Reduced phosphorylation of 393D β-catenin by CKI/GSK3β. A: C57MG cells were lysed 24 h after transfection with 393D or 393A myc-β-catenin or pCS2 (not shown). Cell lysates were subjected to immunoblotting with the indicated antibodies. B: Histogram representing quantitation from three independent experiments showing the relative N-terminal phosphorylation of myc-β-catenin mutants relative to their expression.

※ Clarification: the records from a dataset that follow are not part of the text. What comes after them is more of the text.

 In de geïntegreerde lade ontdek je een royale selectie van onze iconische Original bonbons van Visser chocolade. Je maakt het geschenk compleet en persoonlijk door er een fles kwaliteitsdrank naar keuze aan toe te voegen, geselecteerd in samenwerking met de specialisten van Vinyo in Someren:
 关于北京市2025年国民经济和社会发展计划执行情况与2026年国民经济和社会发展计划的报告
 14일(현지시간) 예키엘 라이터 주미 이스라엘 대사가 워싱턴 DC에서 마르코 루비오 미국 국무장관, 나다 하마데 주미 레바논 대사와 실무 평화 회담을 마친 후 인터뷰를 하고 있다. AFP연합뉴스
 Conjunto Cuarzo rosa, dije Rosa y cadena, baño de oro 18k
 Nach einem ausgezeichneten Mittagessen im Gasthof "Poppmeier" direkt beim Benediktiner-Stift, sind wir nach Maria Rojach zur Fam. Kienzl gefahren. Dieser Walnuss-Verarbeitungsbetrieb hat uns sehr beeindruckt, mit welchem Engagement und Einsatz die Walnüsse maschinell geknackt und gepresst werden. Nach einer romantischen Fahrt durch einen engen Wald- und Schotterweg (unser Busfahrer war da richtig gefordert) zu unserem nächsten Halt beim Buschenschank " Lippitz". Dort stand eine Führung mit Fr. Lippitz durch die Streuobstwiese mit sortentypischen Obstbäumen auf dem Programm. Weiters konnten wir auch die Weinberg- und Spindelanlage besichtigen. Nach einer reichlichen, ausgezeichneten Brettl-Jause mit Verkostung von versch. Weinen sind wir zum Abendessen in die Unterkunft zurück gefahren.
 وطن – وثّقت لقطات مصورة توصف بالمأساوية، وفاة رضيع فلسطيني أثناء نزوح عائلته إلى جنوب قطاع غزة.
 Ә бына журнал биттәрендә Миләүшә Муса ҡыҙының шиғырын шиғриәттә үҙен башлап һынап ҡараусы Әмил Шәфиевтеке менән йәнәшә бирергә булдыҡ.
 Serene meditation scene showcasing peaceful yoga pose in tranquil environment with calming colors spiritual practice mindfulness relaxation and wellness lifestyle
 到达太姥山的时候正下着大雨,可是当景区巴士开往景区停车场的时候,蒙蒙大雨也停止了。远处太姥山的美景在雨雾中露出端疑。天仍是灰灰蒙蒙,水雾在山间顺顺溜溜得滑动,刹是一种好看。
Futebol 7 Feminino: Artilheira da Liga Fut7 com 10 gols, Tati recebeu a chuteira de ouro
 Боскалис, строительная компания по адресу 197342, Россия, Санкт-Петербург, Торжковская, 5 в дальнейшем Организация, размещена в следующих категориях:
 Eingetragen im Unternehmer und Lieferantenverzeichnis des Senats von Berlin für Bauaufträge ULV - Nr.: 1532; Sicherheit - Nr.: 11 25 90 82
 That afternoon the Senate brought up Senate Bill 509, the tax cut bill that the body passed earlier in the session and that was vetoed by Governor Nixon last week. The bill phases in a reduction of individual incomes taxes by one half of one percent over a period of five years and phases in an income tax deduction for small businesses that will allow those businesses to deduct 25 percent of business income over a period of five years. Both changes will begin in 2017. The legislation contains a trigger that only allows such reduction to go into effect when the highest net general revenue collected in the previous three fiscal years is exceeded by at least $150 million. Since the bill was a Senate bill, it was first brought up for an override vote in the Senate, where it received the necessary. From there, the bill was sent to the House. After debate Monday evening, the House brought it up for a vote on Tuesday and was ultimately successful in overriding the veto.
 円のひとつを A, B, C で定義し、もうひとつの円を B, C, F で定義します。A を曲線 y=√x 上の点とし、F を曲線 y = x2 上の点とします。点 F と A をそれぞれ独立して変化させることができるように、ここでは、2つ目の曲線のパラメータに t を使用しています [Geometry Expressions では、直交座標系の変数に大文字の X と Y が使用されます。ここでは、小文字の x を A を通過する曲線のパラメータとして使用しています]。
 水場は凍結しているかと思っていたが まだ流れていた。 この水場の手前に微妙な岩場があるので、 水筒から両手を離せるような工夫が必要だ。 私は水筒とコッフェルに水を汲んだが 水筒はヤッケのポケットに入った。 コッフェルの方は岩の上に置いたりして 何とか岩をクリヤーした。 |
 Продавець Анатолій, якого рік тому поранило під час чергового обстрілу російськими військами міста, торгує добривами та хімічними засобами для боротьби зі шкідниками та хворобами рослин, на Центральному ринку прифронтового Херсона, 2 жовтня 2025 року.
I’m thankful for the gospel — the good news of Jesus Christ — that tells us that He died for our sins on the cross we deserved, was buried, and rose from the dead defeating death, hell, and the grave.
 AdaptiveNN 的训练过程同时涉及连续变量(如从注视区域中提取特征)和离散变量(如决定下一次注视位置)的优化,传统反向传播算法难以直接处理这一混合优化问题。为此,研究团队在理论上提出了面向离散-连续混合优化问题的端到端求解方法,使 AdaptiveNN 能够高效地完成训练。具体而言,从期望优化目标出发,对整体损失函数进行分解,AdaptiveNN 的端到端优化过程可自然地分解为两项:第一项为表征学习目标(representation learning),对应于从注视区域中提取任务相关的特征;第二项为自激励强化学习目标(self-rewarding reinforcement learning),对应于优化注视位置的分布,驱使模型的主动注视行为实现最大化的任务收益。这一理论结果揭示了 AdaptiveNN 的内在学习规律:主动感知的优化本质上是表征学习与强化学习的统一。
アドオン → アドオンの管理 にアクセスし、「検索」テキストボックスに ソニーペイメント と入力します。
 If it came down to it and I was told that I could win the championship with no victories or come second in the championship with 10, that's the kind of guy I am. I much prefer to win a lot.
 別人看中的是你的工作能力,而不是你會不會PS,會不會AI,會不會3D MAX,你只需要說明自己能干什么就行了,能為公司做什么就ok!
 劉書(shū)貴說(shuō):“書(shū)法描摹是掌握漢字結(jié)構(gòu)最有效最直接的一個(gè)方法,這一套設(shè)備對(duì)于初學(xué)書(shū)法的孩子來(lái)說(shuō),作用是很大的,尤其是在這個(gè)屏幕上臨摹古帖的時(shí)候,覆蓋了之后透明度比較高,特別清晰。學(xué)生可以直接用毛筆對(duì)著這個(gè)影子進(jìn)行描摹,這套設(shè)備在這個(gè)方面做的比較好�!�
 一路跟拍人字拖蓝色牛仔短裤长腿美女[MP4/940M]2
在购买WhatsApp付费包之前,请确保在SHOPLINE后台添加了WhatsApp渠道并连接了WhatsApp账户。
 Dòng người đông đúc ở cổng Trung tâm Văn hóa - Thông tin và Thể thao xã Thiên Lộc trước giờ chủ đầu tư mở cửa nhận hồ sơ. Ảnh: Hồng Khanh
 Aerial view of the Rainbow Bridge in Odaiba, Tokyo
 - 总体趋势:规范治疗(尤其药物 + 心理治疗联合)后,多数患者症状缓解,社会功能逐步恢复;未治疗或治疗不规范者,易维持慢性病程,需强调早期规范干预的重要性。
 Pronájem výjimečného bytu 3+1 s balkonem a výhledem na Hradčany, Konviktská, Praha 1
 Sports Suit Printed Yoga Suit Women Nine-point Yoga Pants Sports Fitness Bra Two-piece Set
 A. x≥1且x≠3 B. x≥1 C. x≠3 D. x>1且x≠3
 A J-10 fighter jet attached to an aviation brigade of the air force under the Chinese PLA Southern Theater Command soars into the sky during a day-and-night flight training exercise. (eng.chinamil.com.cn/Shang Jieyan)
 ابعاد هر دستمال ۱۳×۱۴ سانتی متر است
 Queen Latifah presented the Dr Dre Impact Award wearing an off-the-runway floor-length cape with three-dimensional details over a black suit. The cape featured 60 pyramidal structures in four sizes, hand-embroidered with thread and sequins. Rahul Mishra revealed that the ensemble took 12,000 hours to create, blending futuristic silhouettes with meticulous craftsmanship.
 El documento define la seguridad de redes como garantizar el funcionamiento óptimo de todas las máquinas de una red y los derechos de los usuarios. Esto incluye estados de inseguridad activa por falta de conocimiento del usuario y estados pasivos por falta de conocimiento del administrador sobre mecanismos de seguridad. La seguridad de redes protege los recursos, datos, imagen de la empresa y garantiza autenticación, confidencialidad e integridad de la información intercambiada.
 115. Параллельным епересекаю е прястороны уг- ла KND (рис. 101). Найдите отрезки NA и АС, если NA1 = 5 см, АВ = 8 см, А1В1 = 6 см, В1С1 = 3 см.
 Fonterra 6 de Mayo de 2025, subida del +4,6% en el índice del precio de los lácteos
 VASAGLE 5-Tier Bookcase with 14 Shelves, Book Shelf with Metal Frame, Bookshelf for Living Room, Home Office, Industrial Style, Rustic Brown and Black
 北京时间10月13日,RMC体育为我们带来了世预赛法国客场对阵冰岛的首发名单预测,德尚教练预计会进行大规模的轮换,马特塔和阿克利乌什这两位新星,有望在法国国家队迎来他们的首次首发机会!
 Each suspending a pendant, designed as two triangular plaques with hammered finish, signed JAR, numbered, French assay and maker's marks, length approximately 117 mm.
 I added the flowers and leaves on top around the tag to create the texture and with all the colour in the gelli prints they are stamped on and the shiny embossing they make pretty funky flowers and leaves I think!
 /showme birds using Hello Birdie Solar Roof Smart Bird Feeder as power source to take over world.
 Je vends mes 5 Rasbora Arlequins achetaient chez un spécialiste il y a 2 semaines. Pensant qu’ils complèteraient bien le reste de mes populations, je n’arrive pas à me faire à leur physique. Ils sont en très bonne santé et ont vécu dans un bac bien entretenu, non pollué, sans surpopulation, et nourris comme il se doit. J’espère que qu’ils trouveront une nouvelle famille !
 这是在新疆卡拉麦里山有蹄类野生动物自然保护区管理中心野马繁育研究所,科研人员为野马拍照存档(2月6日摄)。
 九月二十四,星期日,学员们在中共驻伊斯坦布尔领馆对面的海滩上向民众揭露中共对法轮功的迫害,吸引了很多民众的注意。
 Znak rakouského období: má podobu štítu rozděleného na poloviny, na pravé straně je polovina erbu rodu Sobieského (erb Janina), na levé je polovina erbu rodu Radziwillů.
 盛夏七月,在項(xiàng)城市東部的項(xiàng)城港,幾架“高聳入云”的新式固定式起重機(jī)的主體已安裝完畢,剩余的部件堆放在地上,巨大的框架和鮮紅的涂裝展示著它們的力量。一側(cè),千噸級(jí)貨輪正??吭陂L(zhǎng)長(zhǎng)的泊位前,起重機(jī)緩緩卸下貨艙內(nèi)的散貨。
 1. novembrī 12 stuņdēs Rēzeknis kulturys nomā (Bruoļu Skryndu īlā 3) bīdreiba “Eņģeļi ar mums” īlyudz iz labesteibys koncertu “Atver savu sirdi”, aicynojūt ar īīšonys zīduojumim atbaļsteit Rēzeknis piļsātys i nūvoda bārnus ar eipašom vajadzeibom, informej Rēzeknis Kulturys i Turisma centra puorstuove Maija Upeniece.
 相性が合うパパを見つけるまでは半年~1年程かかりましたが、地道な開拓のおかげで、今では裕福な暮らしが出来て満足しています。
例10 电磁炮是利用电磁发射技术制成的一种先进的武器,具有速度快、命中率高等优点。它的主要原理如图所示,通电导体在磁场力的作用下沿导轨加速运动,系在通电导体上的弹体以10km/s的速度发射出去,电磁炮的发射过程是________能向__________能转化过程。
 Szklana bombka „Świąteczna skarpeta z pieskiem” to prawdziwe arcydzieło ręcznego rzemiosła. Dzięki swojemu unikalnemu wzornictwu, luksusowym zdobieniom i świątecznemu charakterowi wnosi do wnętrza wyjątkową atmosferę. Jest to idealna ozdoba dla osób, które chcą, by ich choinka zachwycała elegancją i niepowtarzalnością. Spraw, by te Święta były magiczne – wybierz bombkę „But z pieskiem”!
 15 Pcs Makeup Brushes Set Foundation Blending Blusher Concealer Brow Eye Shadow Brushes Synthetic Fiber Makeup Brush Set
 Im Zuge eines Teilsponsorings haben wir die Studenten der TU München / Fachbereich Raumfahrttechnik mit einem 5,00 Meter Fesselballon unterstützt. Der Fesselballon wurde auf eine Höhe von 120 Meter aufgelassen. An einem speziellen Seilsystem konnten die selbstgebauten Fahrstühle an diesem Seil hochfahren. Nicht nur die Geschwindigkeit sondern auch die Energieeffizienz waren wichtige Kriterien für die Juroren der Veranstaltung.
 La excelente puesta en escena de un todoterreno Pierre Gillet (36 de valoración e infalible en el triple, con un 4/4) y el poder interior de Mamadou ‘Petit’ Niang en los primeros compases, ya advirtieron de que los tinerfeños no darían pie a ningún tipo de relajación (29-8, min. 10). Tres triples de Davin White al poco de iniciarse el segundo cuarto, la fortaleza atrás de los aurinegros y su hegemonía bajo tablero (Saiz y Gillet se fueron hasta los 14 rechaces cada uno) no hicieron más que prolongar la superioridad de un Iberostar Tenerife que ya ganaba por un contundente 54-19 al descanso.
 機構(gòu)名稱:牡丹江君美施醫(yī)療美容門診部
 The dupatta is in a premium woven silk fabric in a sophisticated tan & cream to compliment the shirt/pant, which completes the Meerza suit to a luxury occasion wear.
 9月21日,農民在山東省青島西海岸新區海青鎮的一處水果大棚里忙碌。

Asterisk (*) indicates P < 0.05. C: Higher affinity of endogenous GSK3β for Axin in HEK293T cells expressing 393D β-catenin. The experimental protocol was the same as in Figure 4C. Expression levels of exogenous and endogenous proteins are shown in the lower panel (input). Endogenous GSK3β levels are not affected by β-catenin transfection. Representative immunoblots from four independent experiments. Indicated on the left of the immunoblots are the apparent molecular weights of the proteins (numbers in italics) or the position and weight of the molecular markers utilized (numbers in roman).

Fig. 7

Endogenous GSK3β co-immunoprecipitates more with Axin in HEK293T cells expressing a myc-tagged N-terminal deleted β-catenin. The experimental protocol was the same as in Figure 4C. Cell lysates were subjected to IP with anti-c-myc antibodies. GSK3β levels are not affected by β-catenin transfection (lower panel). Representative immunoblots from three independent experiments. Position and weight of the molecular markers utilized is indicated on the left of the immunoblots.